Part of the debate – in the Senedd at 6:00 pm on 14 February 2018.
We’ve recently heard a great deal of talk, and questions asked of the Government in this Chamber, about mental health care for young people. Waiting lists and waiting times are one important measure of the performance. To remind you, between 2013 and 2015 there was a huge increase in waiting times, particularly for those waiting over 16 weeks or four months. We were in a situation where almost half of those people waiting had to wait longer than four months. There was some improvement then, but by February 2017, the last month of data that we have available for comparison, the waiting times still hadn’t returned to the level of the summer of 2013, so the decline is very clear.
But the Government’s response time and time again, unfortunately, was to deny there was a problem. On many occasions, the First Minister claimed that the real problem was that there were too many people on the waiting list that didn’t need to be there. And in March of last year, what we saw was the statistics changing overnight. The number of people on the list recorded as being waiting for a CAMHS appointment went down 74 per cent, as non-CAMHS routes were withdrawn—that was over 1,700 children and young people. Our amendment today reflects the fact that we don’t know what happened to those children; the CAMHS data is the only performance data available.
Inevitably, a change in the way that waiting times were measured led the Government to tell us that the waiting times were improved because the data did demonstrate a great improvement: 86.7 per cent of cases were being seen within four weeks. A huge increase on the 35.2 per cent in the previous month. But, of course, what’s happened here is a change in the way things are recorded, and we can’t make real comparisons, and we don’t know what happened to that other 74 per cent of children that we used to record.

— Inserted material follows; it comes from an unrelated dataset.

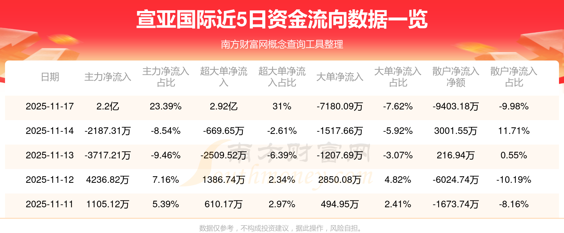 11月17日消息,宣亚国际11月17日主力净流入2.2亿元,超大单净流入2.92亿元,大单净流出7180.09万元,散户净流出9403.18万元。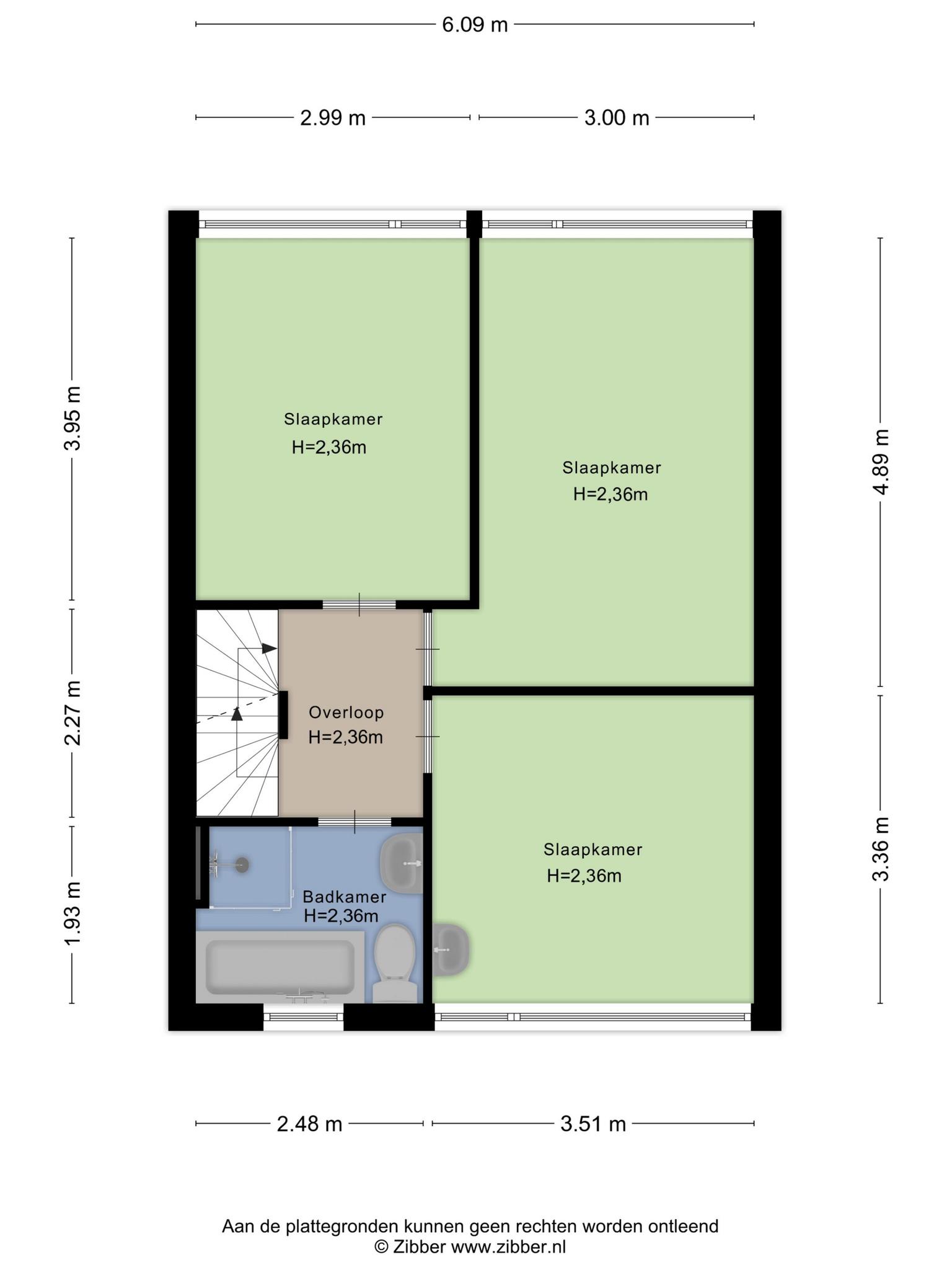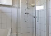Met een breedte van meer dan 6 meter is er ook veel ruimte op de eerste verdieping. Dat zie je vooral in de slaapkamers, drie in totaal. In de slaapkamer aan de voorzijde hangt een wastafel en één van de slaapkamers aan de achterzijde is de grootste van de drie. De badkamer, uitgevoerd in lichte kleuren, is ingedeeld met een ligbad, aparte douche, tweede toilet en een wastafel.

The First Minister wrote to Leanne Wood when we raised this issue in November, confirming that our figures were accurate: 74 per cent of the other cases were either children who would now be seen by specialist services for children with neurodevelopmental problems, which were developed in 2016-2017, or lesser cases that had been dealt with by primary care mental health services at a local level, which had been wrongly included in the previous CAMHS figures. But, of course, we don’t have data for the children who need those services.
We do accept that some children and young people had needed treatment for neurodevelopmental issues, rather than CAMHS. We also know that the threshold for CAMHS has been far too high. That was noted by the Children, Young People and Education Committee inquiry in 2014. The Wales Audit Office also noted that there was a problem of treatment for young people being stopped if an appointment was missed, and that was an issue that had an impact on the figures.
But I am a long way from being convinced that the only problem with CAMHS was there were too many children and young people there who didn’t need to be there. We know that it’s a capacity issue, an issue of a shortage of specialist services, and a failure to take the issue seriously enough. A lack of data is a problem that means that we can’t measure and assess and put pressure on the Government to take the steps that our young people need. We can’t accept the status quo of not knowing how the NHS is performing when it comes to looking after some of our most vulnerable people.